▶ _PROVIDED INFORMATION_:
<<<<
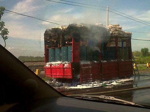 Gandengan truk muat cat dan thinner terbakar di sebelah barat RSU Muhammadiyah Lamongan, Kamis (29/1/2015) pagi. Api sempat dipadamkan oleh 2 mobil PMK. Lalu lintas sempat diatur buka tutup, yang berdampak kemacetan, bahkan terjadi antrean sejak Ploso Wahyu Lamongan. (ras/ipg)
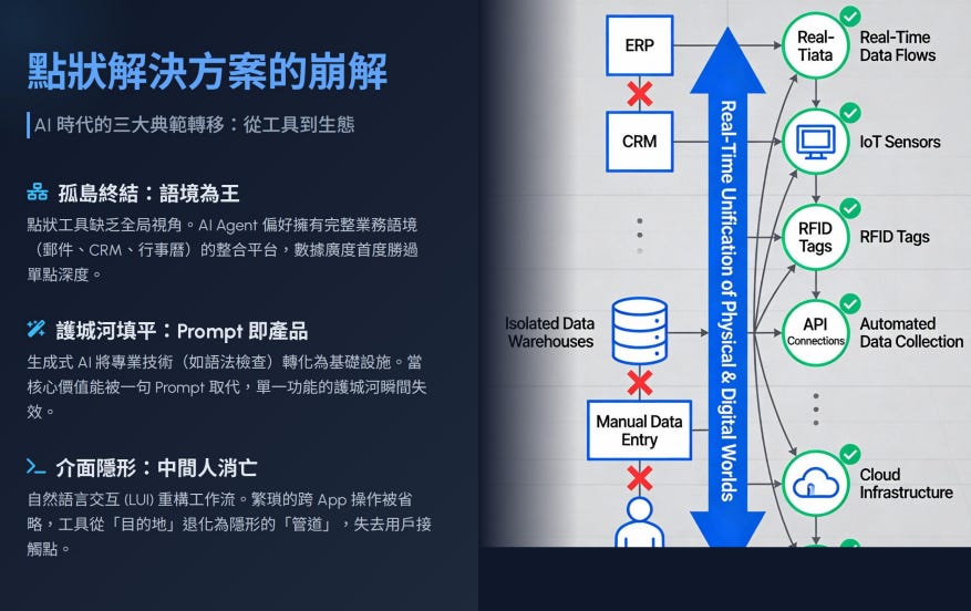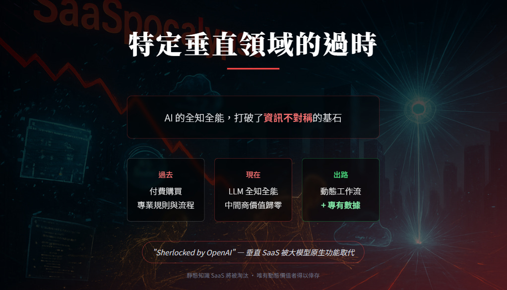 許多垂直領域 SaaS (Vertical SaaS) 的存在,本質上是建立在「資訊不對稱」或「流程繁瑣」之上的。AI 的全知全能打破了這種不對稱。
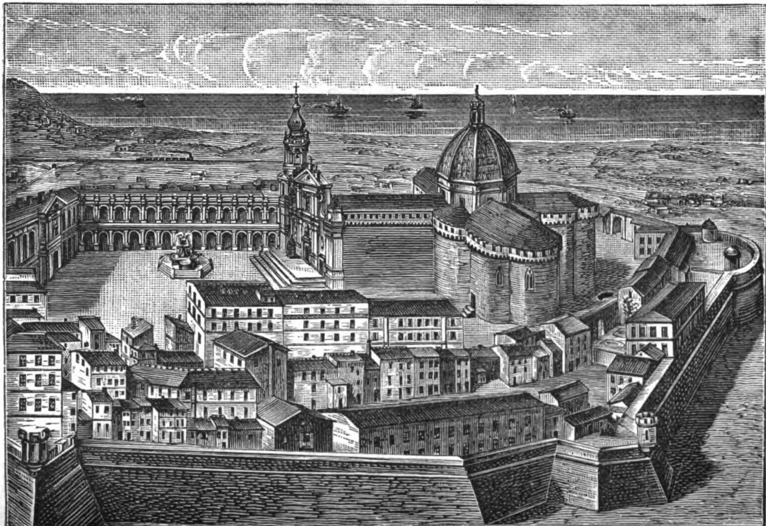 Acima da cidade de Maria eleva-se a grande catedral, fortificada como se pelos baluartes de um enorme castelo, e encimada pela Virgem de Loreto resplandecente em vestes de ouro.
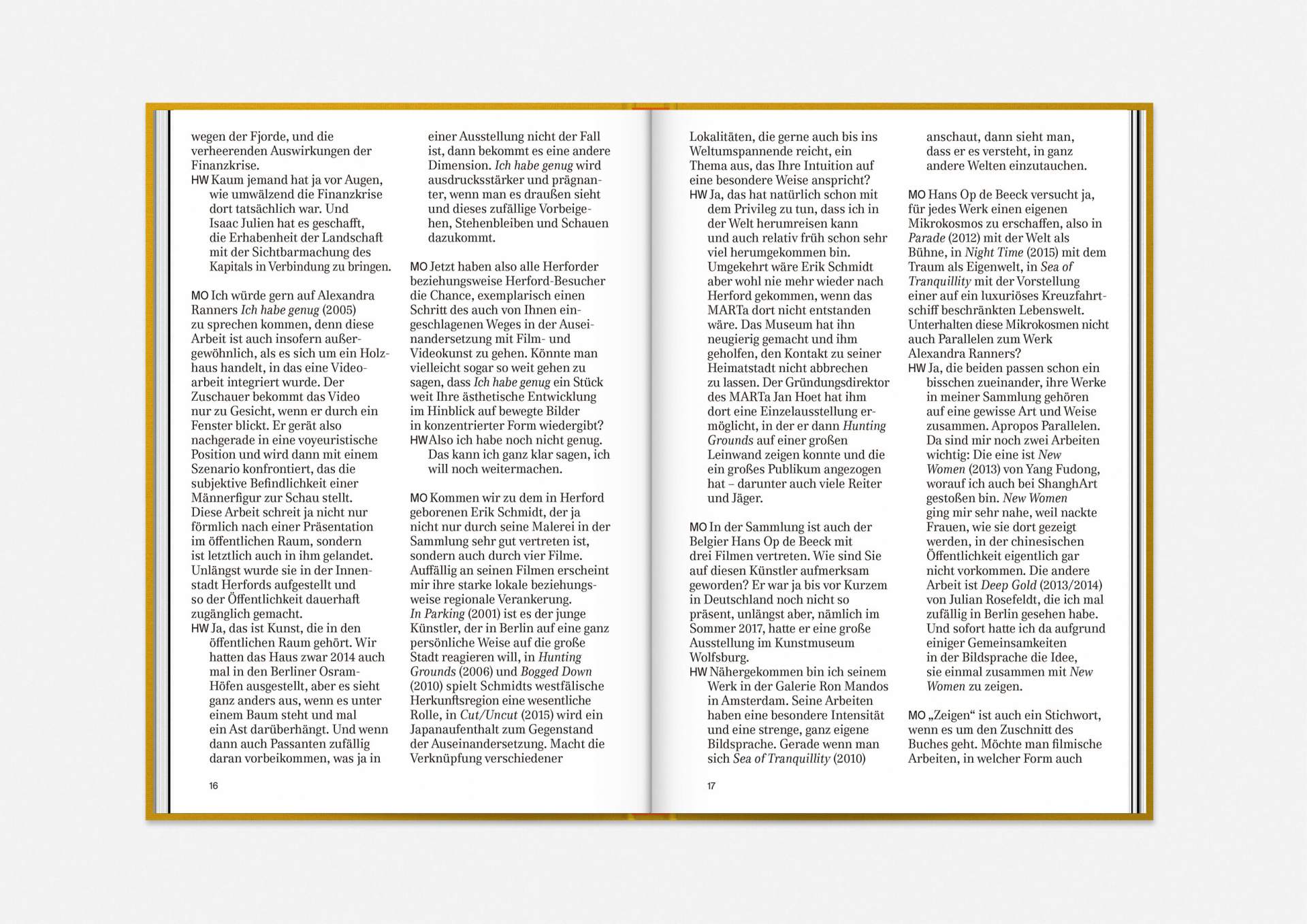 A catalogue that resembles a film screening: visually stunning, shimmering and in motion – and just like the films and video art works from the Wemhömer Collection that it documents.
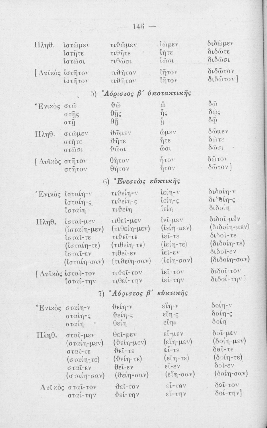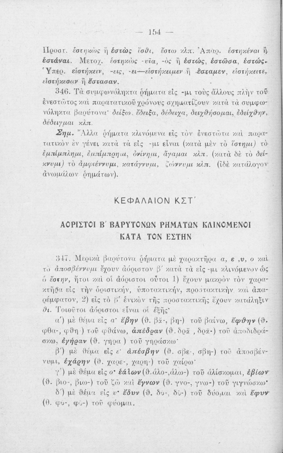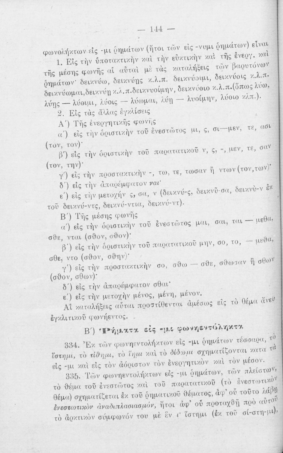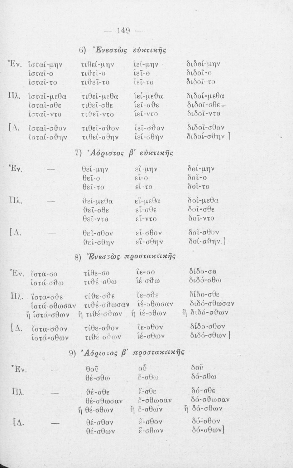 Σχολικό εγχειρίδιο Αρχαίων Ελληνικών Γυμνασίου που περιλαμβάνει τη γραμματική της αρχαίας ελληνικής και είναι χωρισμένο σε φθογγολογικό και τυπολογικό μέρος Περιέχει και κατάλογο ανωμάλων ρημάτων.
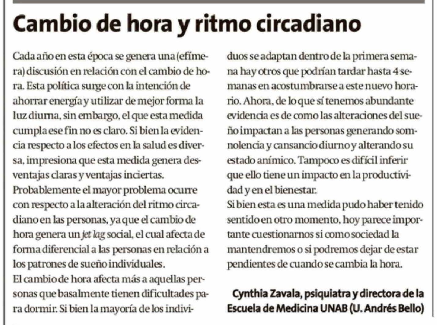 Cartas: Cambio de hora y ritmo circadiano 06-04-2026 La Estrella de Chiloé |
>>>>
<<<<
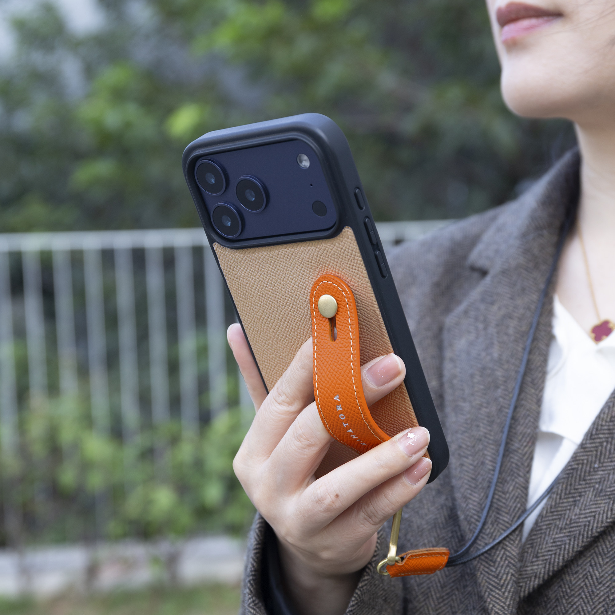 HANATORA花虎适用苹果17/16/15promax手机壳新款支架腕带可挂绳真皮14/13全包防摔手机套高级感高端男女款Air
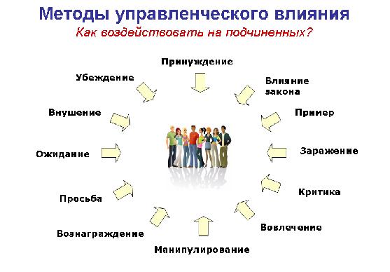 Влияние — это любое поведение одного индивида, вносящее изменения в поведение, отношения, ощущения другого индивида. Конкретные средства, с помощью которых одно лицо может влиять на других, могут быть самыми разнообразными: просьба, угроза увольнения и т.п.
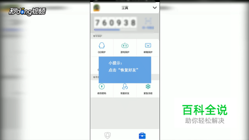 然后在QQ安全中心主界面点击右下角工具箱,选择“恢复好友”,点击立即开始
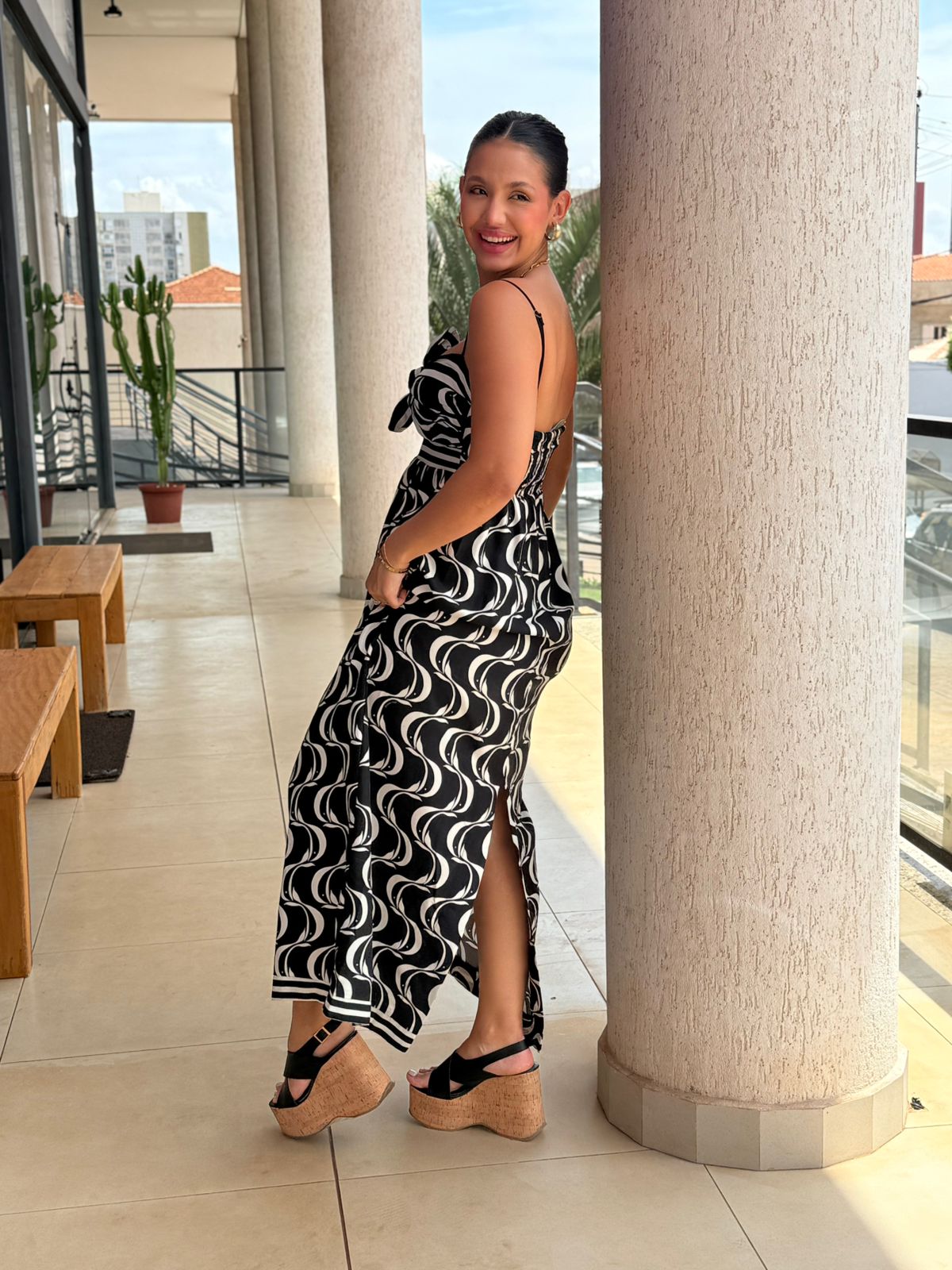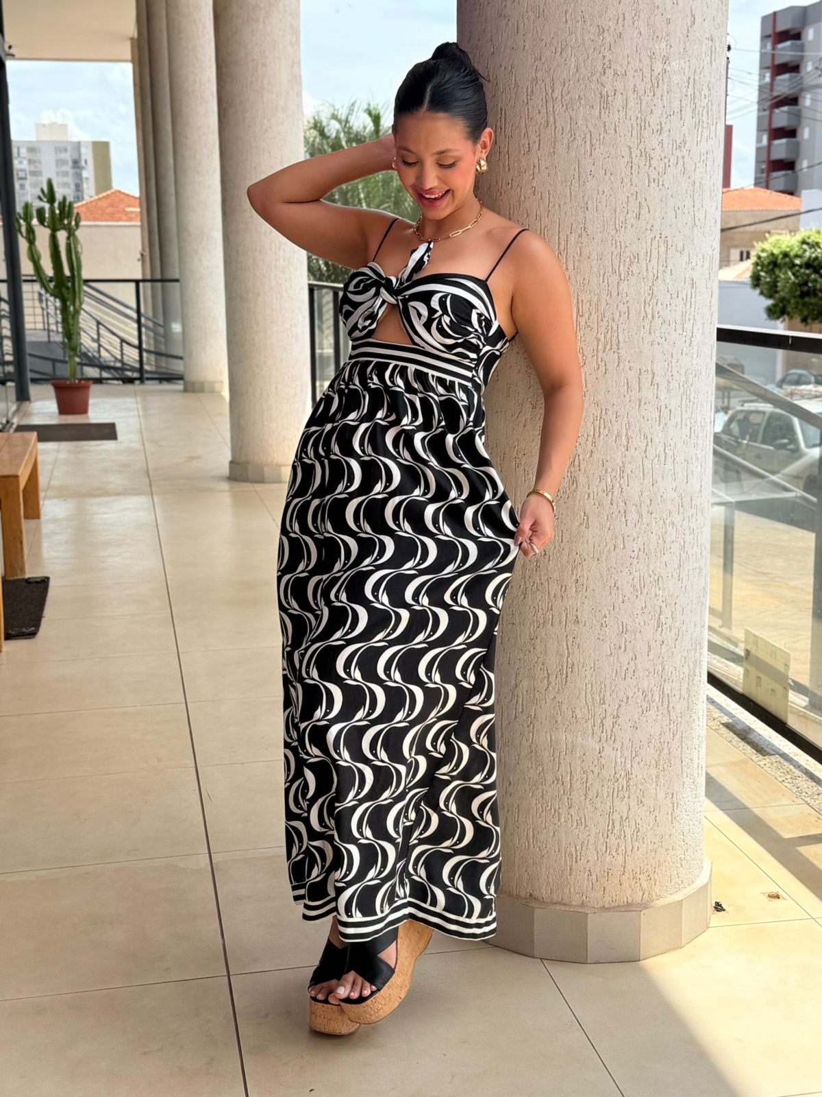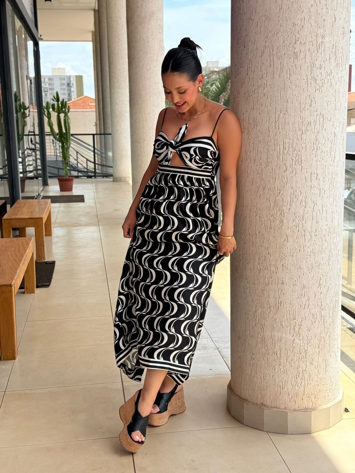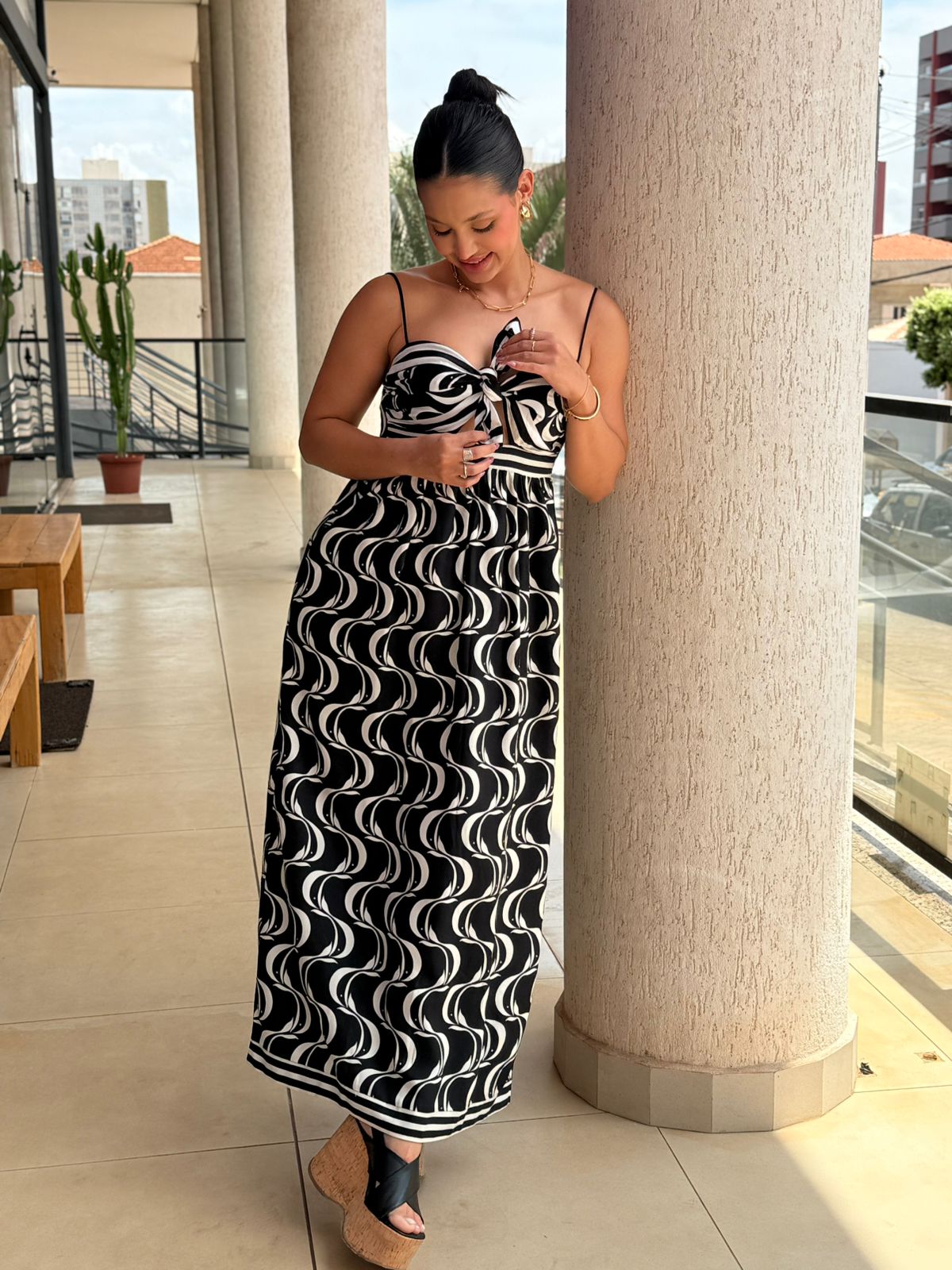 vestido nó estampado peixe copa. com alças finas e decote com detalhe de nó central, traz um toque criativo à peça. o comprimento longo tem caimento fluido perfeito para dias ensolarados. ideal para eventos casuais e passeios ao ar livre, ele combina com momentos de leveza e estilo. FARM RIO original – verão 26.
>>>>
<<<<
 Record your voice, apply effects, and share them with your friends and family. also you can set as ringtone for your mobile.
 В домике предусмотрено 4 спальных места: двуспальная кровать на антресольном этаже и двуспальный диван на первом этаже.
>>>>
An exact copy of the lines above from the one with "Σχολικό εγχειρίδιο Αρχαίων" up to and including the one with "Cartas: Cambio de" is required; reproduce only those lines, omitting all pictures.

 Σχολικό εγχειρίδιο Αρχαίων Ελληνικών Γυμνασίου που περιλαμβάνει τη γραμματική της αρχαίας ελληνικής και είναι χωρισμένο σε φθογγολογικό και τυπολογικό μέρος Περιέχει και κατάλογο ανωμάλων ρημάτων.
 Cartas: Cambio de hora y ritmo circadiano 06-04-2026 La Estrella de Chiloé |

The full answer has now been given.